What is required: Word for word, transcribe the listing that follows, minus any pictures.

Given data:
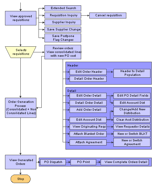 For most requisitions, you can create purchase orders by using the Batch Requisition Consolidation program. You can run this batch program several times a week. It creates purchase orders for all approved requisitions. For the requisitions that require buyer intervention, use the Requisition Expeditor program. This program enables the buyer to manage requisitions that become exceptions, such as high priority items, items for which a supplier must be assigned, or items for which the cost must be changed.
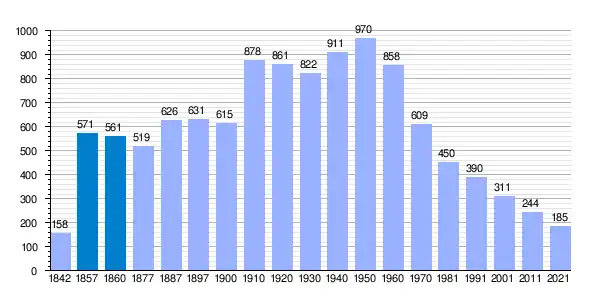 Población de derecho según los censos de población del INE Población de hecho según los censos de población del INEEntre el censo de 1857 y el anterior, crece el término del municipio porque incorpora a 495016 (Bercianos de Valverde)[11] |
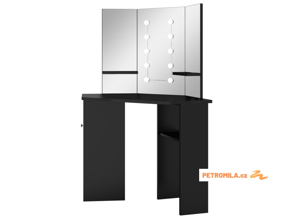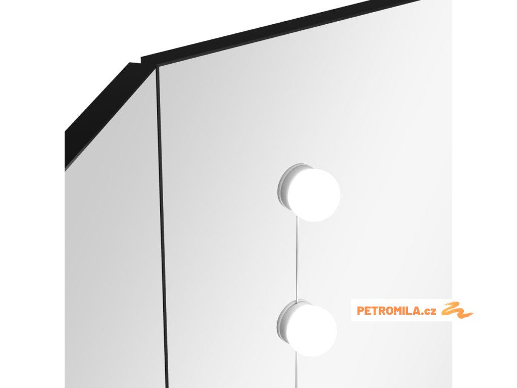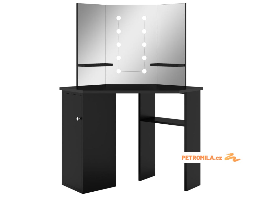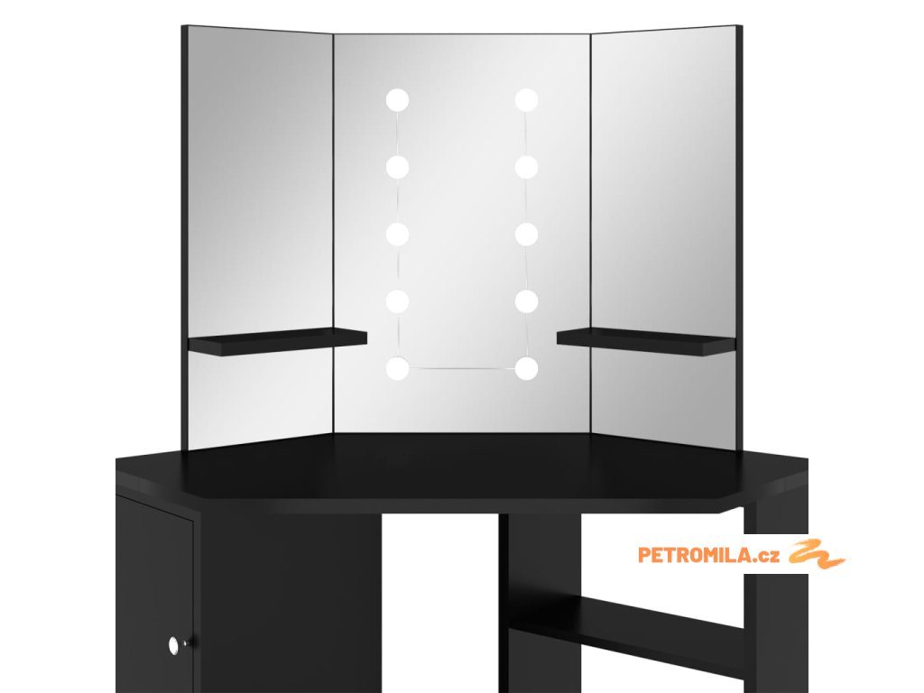 Tento toaletní stolek, vyrobený z kvalitního MDF, zaujme elegantní siluetou a jednoduchými liniemi v moderním stylu. Je navržen tak, aby se pohodlně vešel do rohu a zároveň nabídl na malém místě spoustu úložného místa! Prostorná skříňka a otevřená police pod stolní deskou slouží k přehlednému uložení líčení a kosmetiky, a jelikož jsou otevřené do stran, máte k nim snadný přístup, zatímco jste usazení u stolu. Krásné 3panelové zrcadlo vás odráží ze 3 stran, takže vám usnadňuje aplikaci make-upu a zároveň dodává stolu elegantní vzhled. Ke dvěma panelům jsou přidané spodní police na lahvičky, štětce na líčení, krémy a lotions, parfémy a dekorativní předměty. Elegantní LED žárovky vám poskytnou optimální osvětlení.
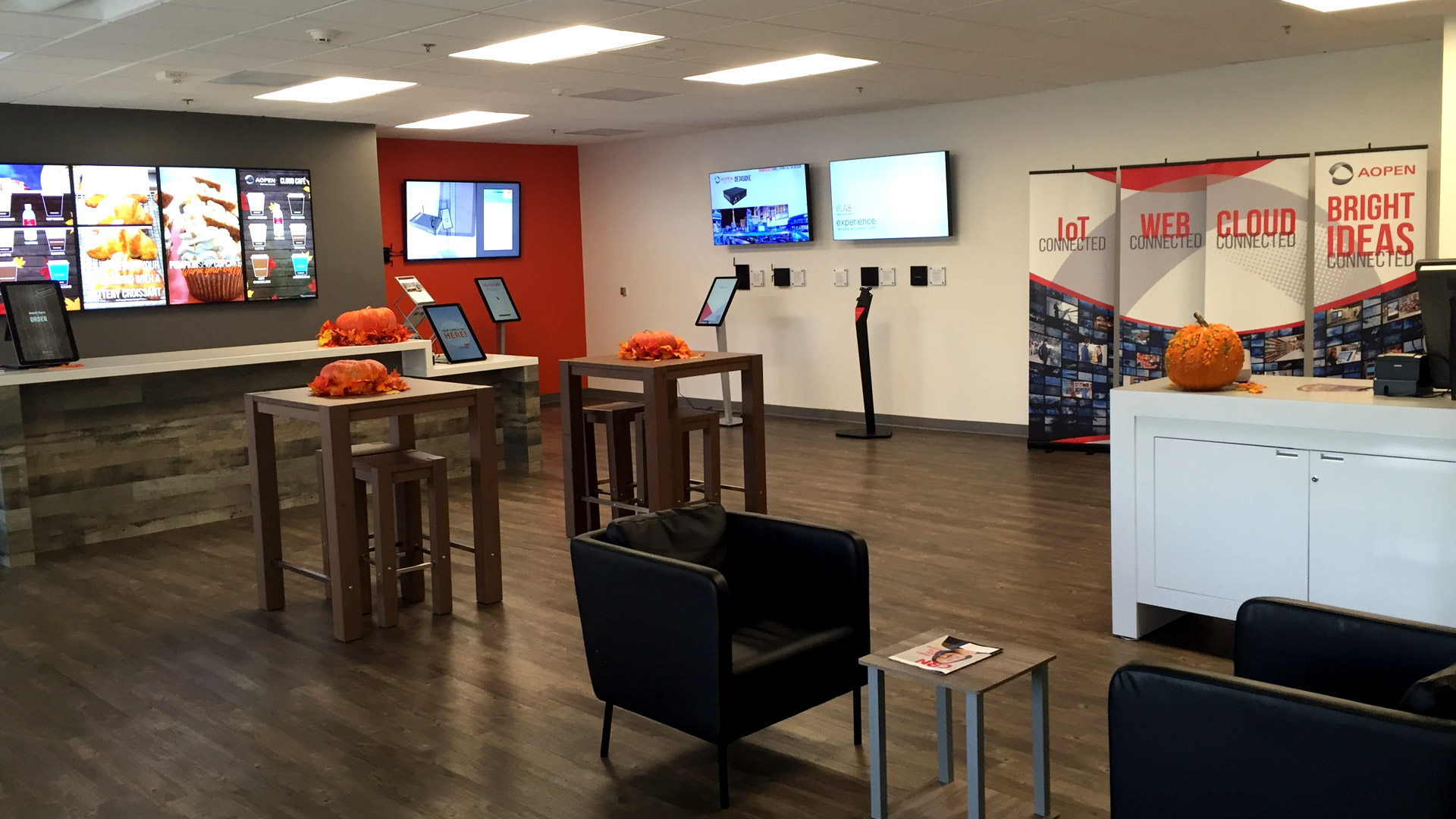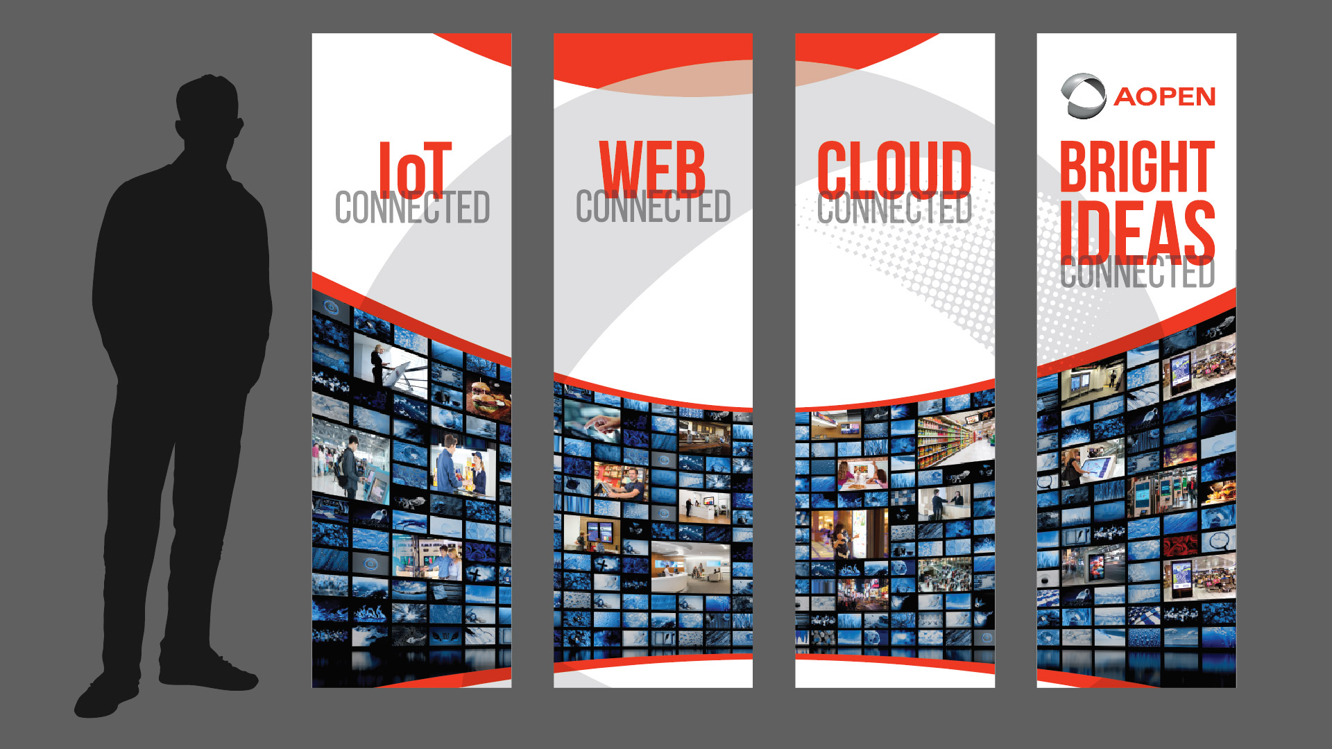 These banners were designed for booth decoration for various sales events, trade shows, and internal demonstration lab. They are placed within close proximity to each other to provide a unified message. The challenge with these banners were creating high-resolution imagery for the non-vector elements. There are 26 individual images representing various verticals that use AOPEN digital signage solutions.

Exercise response:
 For most requisitions, you can create purchase orders by using the Batch Requisition Consolidation program. You can run this batch program several times a week. It creates purchase orders for all approved requisitions. For the requisitions that require buyer intervention, use the Requisition Expeditor program. This program enables the buyer to manage requisitions that become exceptions, such as high priority items, items for which a supplier must be assigned, or items for which the cost must be changed.
 Población de derecho según los censos de población del INE Población de hecho según los censos de población del INEEntre el censo de 1857 y el anterior, crece el término del municipio porque incorpora a 495016 (Bercianos de Valverde)[11] |
 Tento toaletní stolek, vyrobený z kvalitního MDF, zaujme elegantní siluetou a jednoduchými liniemi v moderním stylu. Je navržen tak, aby se pohodlně vešel do rohu a zároveň nabídl na malém místě spoustu úložného místa! Prostorná skříňka a otevřená police pod stolní deskou slouží k přehlednému uložení líčení a kosmetiky, a jelikož jsou otevřené do stran, máte k nim snadný přístup, zatímco jste usazení u stolu. Krásné 3panelové zrcadlo vás odráží ze 3 stran, takže vám usnadňuje aplikaci make-upu a zároveň dodává stolu elegantní vzhled. Ke dvěma panelům jsou přidané spodní police na lahvičky, štětce na líčení, krémy a lotions, parfémy a dekorativní předměty. Elegantní LED žárovky vám poskytnou optimální osvětlení.
 These banners were designed for booth decoration for various sales events, trade shows, and internal demonstration lab. They are placed within close proximity to each other to provide a unified message. The challenge with these banners were creating high-resolution imagery for the non-vector elements. There are 26 individual images representing various verticals that use AOPEN digital signage solutions.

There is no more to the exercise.